Em 16 de julho, Islamabad e Moscou assinaram um mega-acordo sobre um gasoduto de 1.100 quilômetros e custo de 3 bilhões de dólares americanos, indo de Port Qasim, em Karachi até Lahore, a ser comcluído até fins de 2023.
O gasoduto transportará gás natural liquefeito importado de Catar até o terminal de GNL de Karachi. Esse é o Projeto Gasoduto Pakstream - localmente conhecido como o projeto Gás Norte-Sul.
A interminável guerra do Gasodutistão entre o IPI (Índia-Paquistão-Irã) e o TAPI (Turcomenistão-Afeganistão-Paquistão-Índia) - que há anos venho acompanhando em detalhes – parece ter terminado com um ganhador de terceira via.

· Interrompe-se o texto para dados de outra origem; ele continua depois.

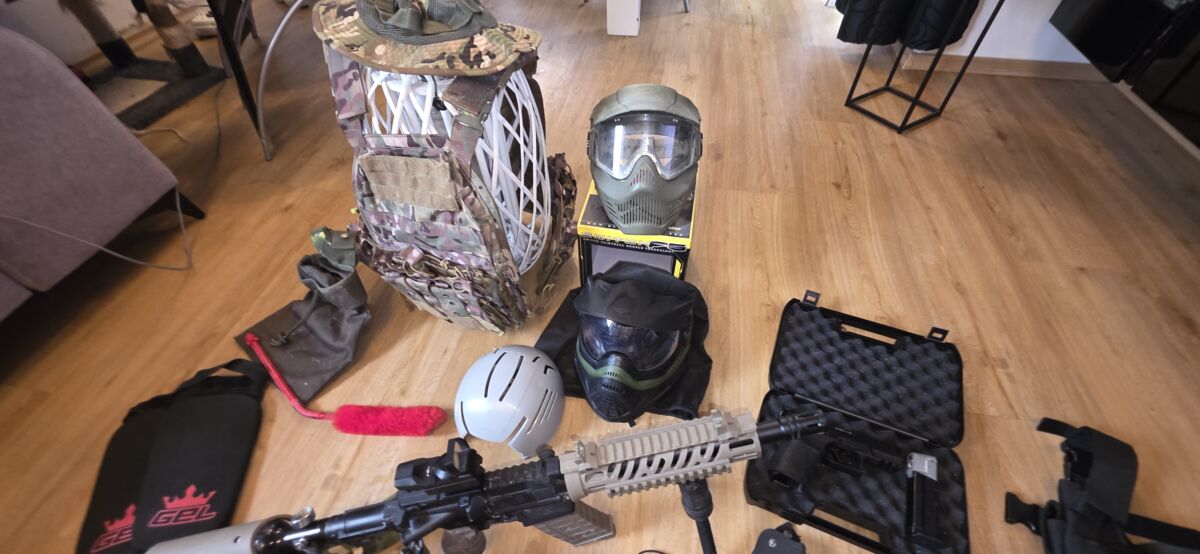 2x Maske, Weste, laufsocke, Kopfschutz, hält sogar gg Firststrike und vieles mehr, wie Waffen halter und 2x Zielfernvisiere, sowie Präsitionshalter mit 2 Beiner, guckt euch die Bilder an, alles was ihr seht kann euch gehören!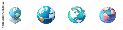 © Sheton, Fototapeta premium Globe icons, various views, digital art isolated on white or transparent png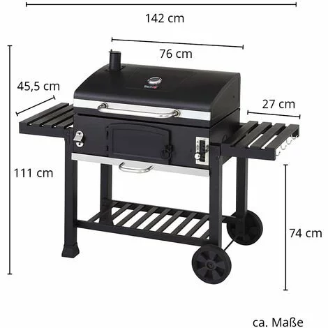 – Grand plaisir de griller sur une surface de cuisson de 42 x 72 cm – Dimensions totales : env. 142 x 46 x 111 cm (LxPxH) -.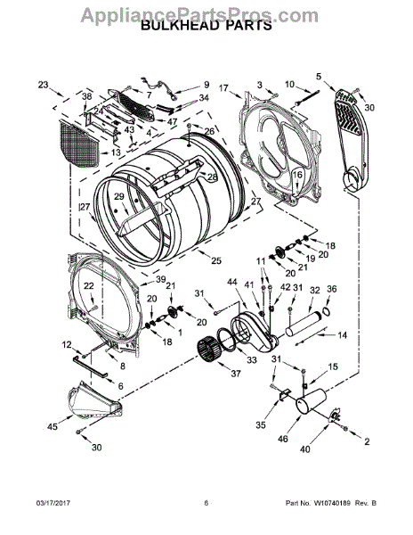 The Dryer Felt Seal is an OEM replacement part for Whirlpool dryers. Located around the drum, the felt seal provides a protective barrier between the drum and the cabinet. Causes include normal material wear over time and breakdown from high-heat conditions. Symptoms of a worn felt seal include: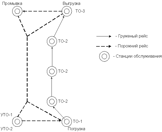 Большая часть парка АРВ не имеет служебного помещения, поэтому обслуживание осуществляется механиками пунктов технического обслуживания. В настоящее время система обслуживания АРВ включает ТО-1, ТО-2, ТО-3, УТО-1, УТО-2, рисунок 4.2.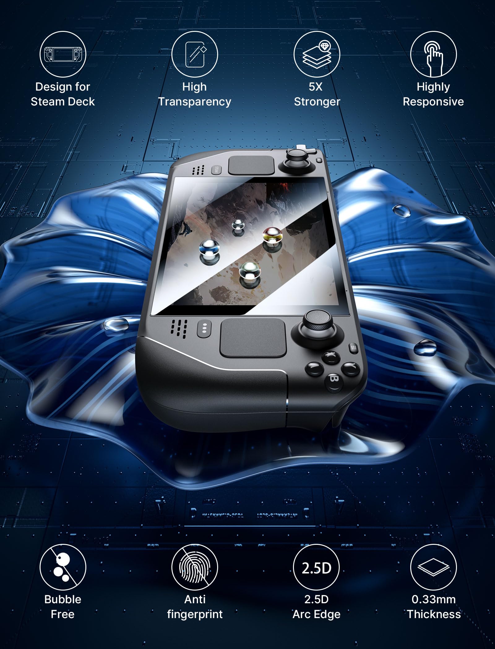• Easy to Install: Comes with a guiding frame that allows you to easily install the screen protector to your Steam Deck / Steam Deck OLED without having to repeatedly align the edges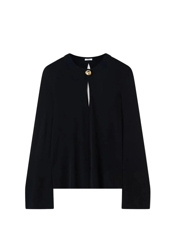 The Fabiola Fluid Jersey Blouse is a regular fit, long-sleeve design, crafted from a viscose blend. Its fluid jersey drapes elegantly for a sleek yet comfortable look. Thoughtful details include wide split cuffs and a keyhole opening finished with a gold-tone bean button for a subtle touch of shine.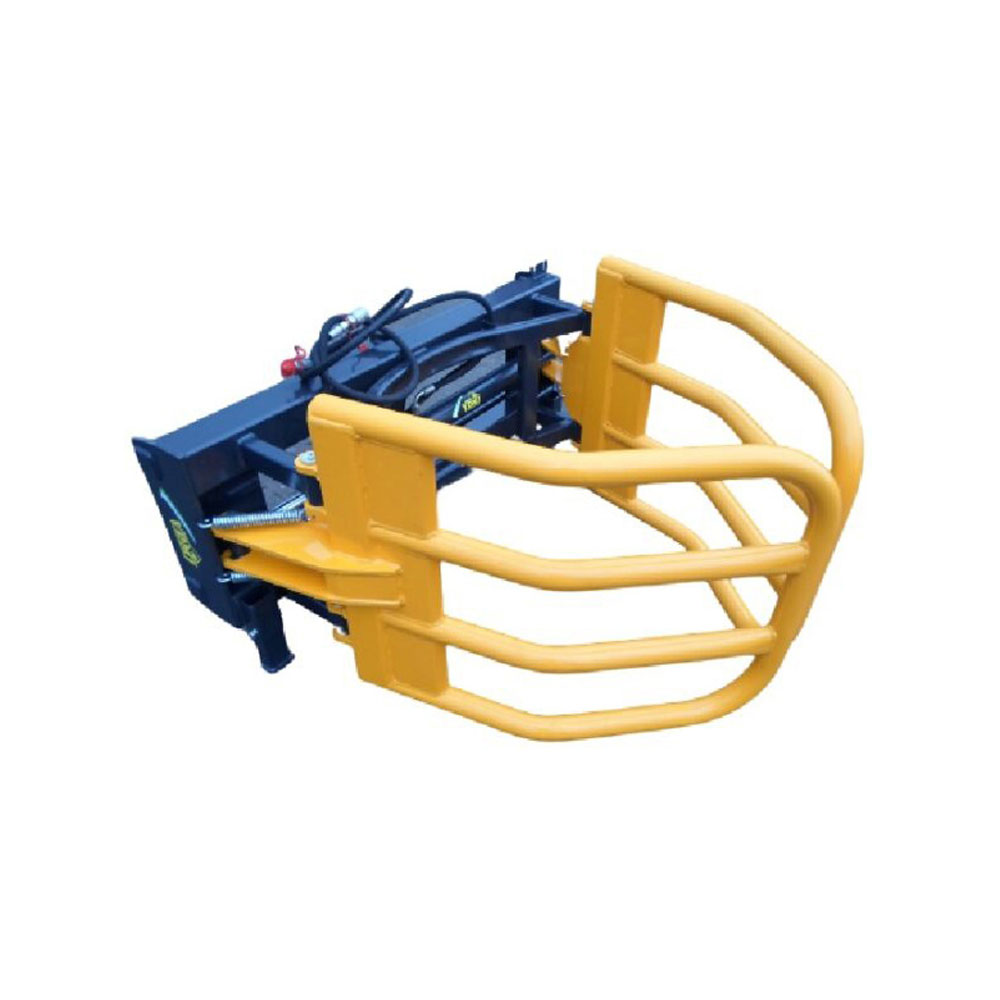 The AG Eco is a bale clamp for round bales. The smallest clamping range is 0.80m, the biggest clamping range is 1.85m. This clamp is typically used on articulated loaders, skid-steer loaders or front loaders. The load capacity is 1000kg.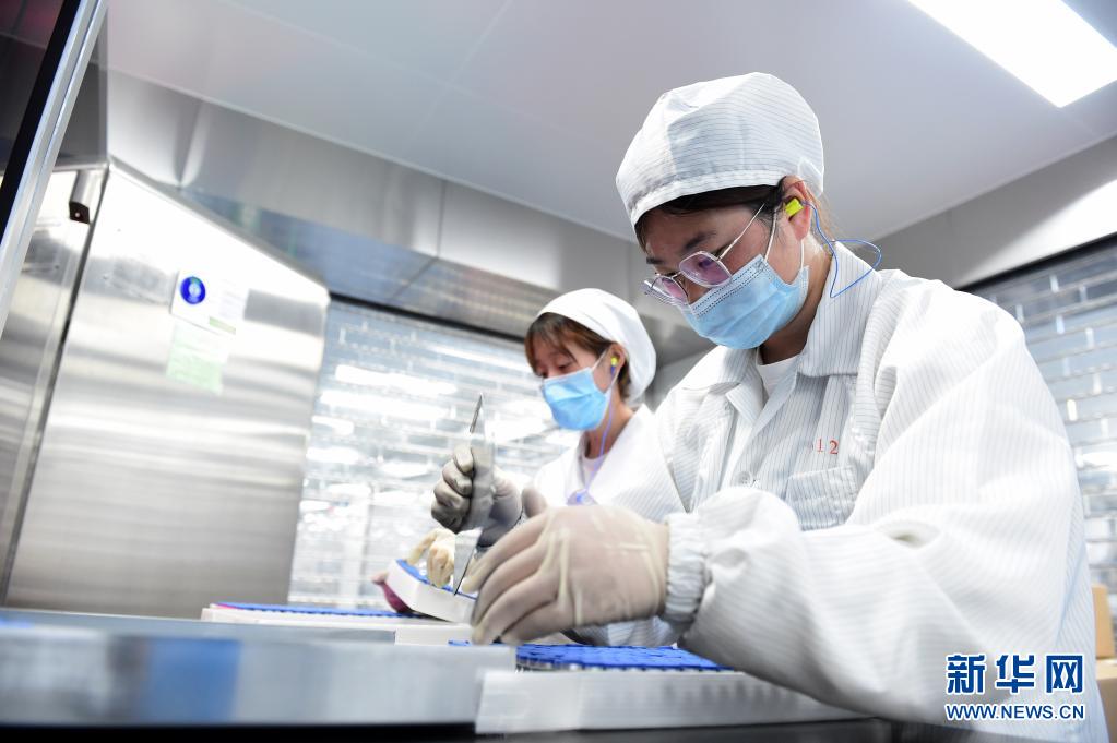 5月20日,在安徽智飞龙科马生物制药有限公司新冠疫苗生产线上,吴琼(前)将机器灯检后的疫苗装盒。吴琼出生于2000年,是安徽智飞龙科马生物制药有限公司新冠疫苗生产线上的一名疫苗灯检员,自3月份公司研发的重组新型冠状病毒疫苗(CHO细胞)批准紧急使用以来,吴琼每天工作十小时以上,每天经过她手中的疫苗超过10万剂。她说:“我要细心负责,让人们打上放心疫苗。”

Tanto quanto o governo de Cabul, o Talibã parece estar dando muita atenção à geoeconomia e ao fato de o Afeganistão estar no cerne de um inevitável surto de crescimento econômico.
Talvez ambos os lados devessem estar dando muita atenção também a Zoon Ahmed Khan, uma brilhante paquistanesa que trabalha como pesquisadora no Instituto da Estratégia da Iniciativa Cinturão e Rota, na Universidade de Tsinghua.
Zoon Ahmed Khan observa que "uma contribuição importante que a China traz por meio da ICR é enfatizar o fato de que países em desenvolvimento, como o Paquistão, têm que encontrar seu próprio caminho de desenvolvimento, em vez de seguir o modelo ocidental de governança".
Ela acrescenta: A melhor coisa que o Paquistão pode aprender com o modelo chinês é como criar seu próprio modelo. A China não deseja impor seu trajeto e sua experiência a outros países, o que é muito importante".
Ela afirma categoricamente que a Iniciativa Cinturão e Rota "vem beneficiando uma região muito mais vasta que o Paquistão. Com a iniciativa, o que a China tenta fazer é apresentar aos países parceiros sua experiência e as coisas que ela pode oferecer".
Tudo o que foi dito acima, decididamente, se aplica também ao Afeganistão - e à sua tortuosa mas, em última análise, inevitável inserção no atual processo de integração eurasiana.